WORK TO BE COMPLETED:
When you restate the records, do so word for word and omit any picture they contain.

============================================================

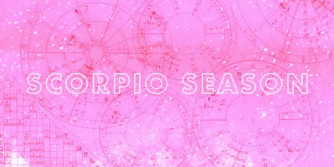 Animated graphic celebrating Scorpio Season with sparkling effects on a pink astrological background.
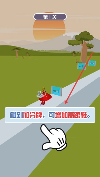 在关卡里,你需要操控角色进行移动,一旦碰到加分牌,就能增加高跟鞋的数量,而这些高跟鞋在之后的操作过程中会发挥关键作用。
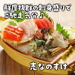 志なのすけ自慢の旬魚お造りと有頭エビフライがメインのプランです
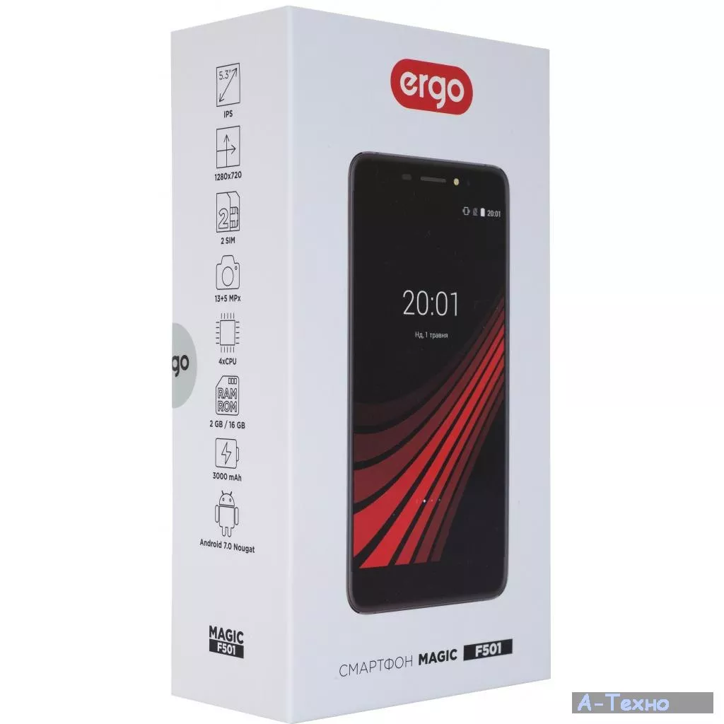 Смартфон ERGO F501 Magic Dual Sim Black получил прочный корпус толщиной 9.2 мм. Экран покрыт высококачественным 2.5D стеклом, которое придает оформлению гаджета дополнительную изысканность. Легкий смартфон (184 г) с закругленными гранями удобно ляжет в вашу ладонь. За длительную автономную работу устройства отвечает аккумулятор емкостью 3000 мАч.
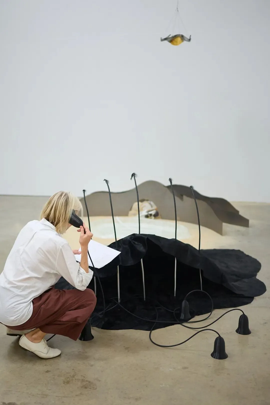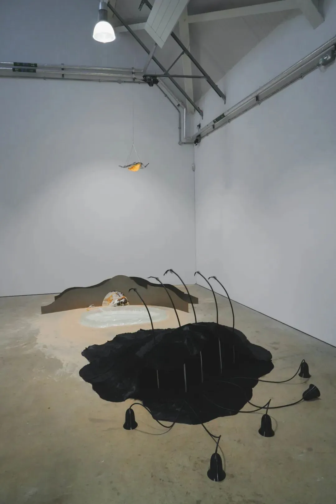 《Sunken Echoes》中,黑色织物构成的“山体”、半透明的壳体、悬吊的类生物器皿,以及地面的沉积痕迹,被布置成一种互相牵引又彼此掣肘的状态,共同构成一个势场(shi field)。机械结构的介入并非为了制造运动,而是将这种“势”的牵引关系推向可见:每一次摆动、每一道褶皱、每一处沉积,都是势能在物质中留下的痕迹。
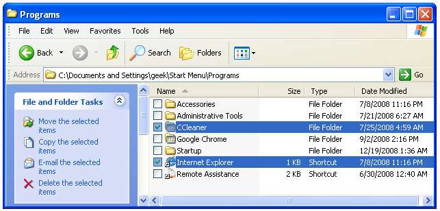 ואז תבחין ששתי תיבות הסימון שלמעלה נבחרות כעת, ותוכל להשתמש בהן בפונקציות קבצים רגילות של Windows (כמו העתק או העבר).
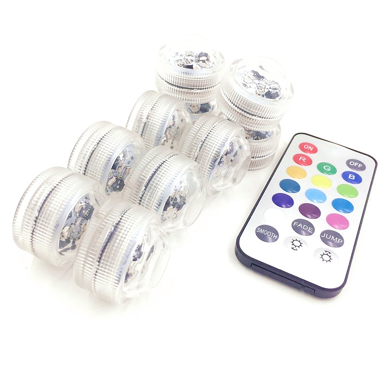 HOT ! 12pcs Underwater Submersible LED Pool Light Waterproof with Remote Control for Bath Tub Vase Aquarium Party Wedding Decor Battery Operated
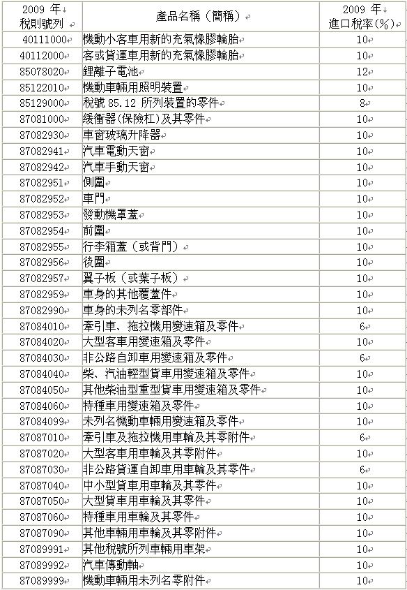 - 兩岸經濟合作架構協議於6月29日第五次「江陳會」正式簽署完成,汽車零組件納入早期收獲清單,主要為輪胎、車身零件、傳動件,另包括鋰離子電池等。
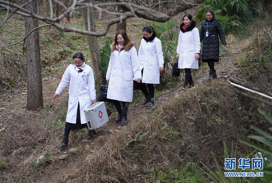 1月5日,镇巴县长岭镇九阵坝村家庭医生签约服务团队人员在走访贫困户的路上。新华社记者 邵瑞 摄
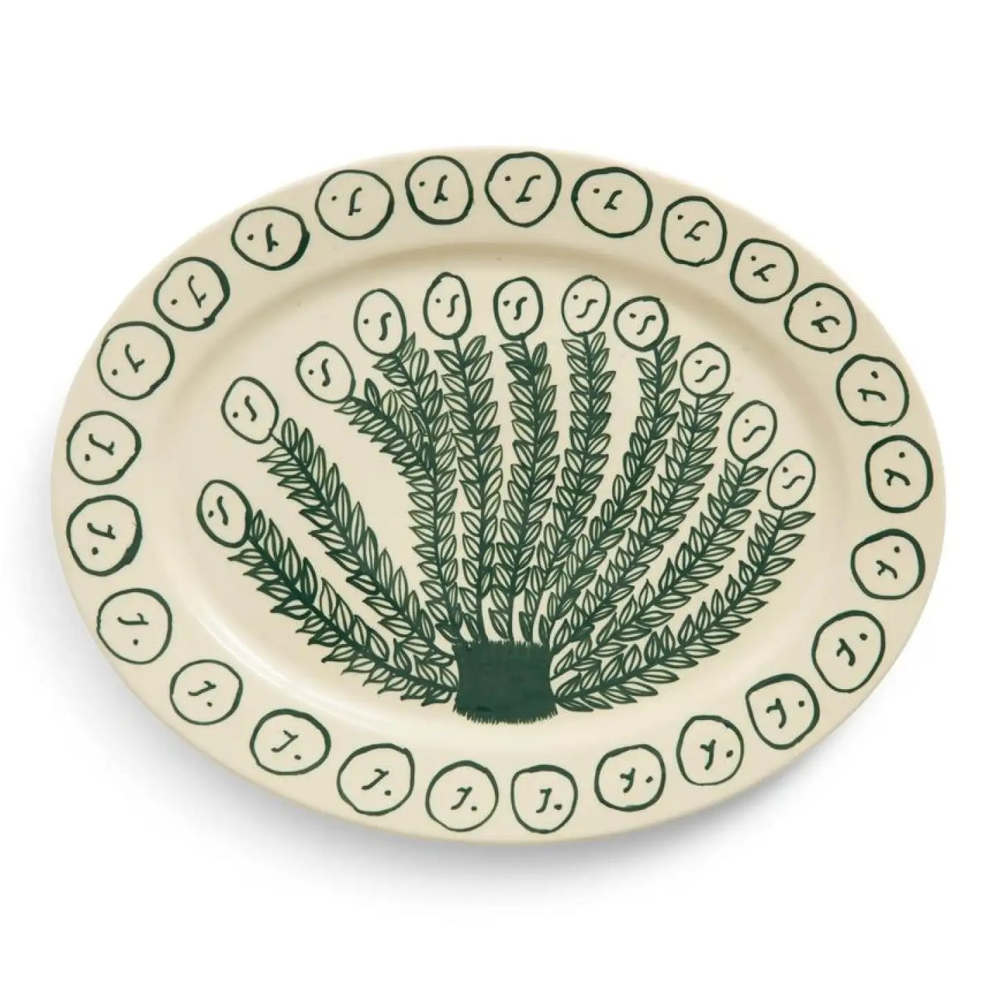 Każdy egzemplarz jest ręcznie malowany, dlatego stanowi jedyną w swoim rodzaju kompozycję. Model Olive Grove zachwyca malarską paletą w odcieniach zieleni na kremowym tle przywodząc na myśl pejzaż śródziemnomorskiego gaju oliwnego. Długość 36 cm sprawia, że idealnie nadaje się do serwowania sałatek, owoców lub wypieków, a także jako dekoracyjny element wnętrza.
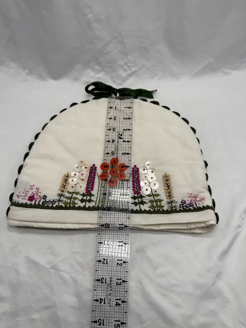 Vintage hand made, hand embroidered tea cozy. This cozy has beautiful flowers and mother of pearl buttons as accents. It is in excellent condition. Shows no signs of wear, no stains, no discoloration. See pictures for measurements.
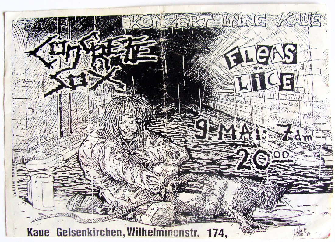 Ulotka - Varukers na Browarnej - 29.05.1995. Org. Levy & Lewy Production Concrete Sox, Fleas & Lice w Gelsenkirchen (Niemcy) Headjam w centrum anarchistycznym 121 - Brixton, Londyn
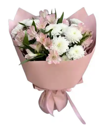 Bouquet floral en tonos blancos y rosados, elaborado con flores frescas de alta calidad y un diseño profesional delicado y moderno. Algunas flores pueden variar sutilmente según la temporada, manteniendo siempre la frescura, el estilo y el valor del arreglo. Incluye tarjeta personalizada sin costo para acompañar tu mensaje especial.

============================================================

ANSWER BELOW:
 Animated graphic celebrating Scorpio Season with sparkling effects on a pink astrological background.
 在关卡里,你需要操控角色进行移动,一旦碰到加分牌,就能增加高跟鞋的数量,而这些高跟鞋在之后的操作过程中会发挥关键作用。
 志なのすけ自慢の旬魚お造りと有頭エビフライがメインのプランです
 Смартфон ERGO F501 Magic Dual Sim Black получил прочный корпус толщиной 9.2 мм. Экран покрыт высококачественным 2.5D стеклом, которое придает оформлению гаджета дополнительную изысканность. Легкий смартфон (184 г) с закругленными гранями удобно ляжет в вашу ладонь. За длительную автономную работу устройства отвечает аккумулятор емкостью 3000 мАч.
 《Sunken Echoes》中,黑色织物构成的“山体”、半透明的壳体、悬吊的类生物器皿,以及地面的沉积痕迹,被布置成一种互相牵引又彼此掣肘的状态,共同构成一个势场(shi field)。机械结构的介入并非为了制造运动,而是将这种“势”的牵引关系推向可见:每一次摆动、每一道褶皱、每一处沉积,都是势能在物质中留下的痕迹。
 ואז תבחין ששתי תיבות הסימון שלמעלה נבחרות כעת, ותוכל להשתמש בהן בפונקציות קבצים רגילות של Windows (כמו העתק או העבר).
 HOT ! 12pcs Underwater Submersible LED Pool Light Waterproof with Remote Control for Bath Tub Vase Aquarium Party Wedding Decor Battery Operated
 - 兩岸經濟合作架構協議於6月29日第五次「江陳會」正式簽署完成,汽車零組件納入早期收獲清單,主要為輪胎、車身零件、傳動件,另包括鋰離子電池等。
 1月5日,镇巴县长岭镇九阵坝村家庭医生签约服务团队人员在走访贫困户的路上。新华社记者 邵瑞 摄
 Każdy egzemplarz jest ręcznie malowany, dlatego stanowi jedyną w swoim rodzaju kompozycję. Model Olive Grove zachwyca malarską paletą w odcieniach zieleni na kremowym tle przywodząc na myśl pejzaż śródziemnomorskiego gaju oliwnego. Długość 36 cm sprawia, że idealnie nadaje się do serwowania sałatek, owoców lub wypieków, a także jako dekoracyjny element wnętrza.
 Vintage hand made, hand embroidered tea cozy. This cozy has beautiful flowers and mother of pearl buttons as accents. It is in excellent condition. Shows no signs of wear, no stains, no discoloration. See pictures for measurements.
 Ulotka - Varukers na Browarnej - 29.05.1995. Org. Levy & Lewy Production Concrete Sox, Fleas & Lice w Gelsenkirchen (Niemcy) Headjam w centrum anarchistycznym 121 - Brixton, Londyn
 Bouquet floral en tonos blancos y rosados, elaborado con flores frescas de alta calidad y un diseño profesional delicado y moderno. Algunas flores pueden variar sutilmente según la temporada, manteniendo siempre la frescura, el estilo y el valor del arreglo. Incluye tarjeta personalizada sin costo para acompañar tu mensaje especial.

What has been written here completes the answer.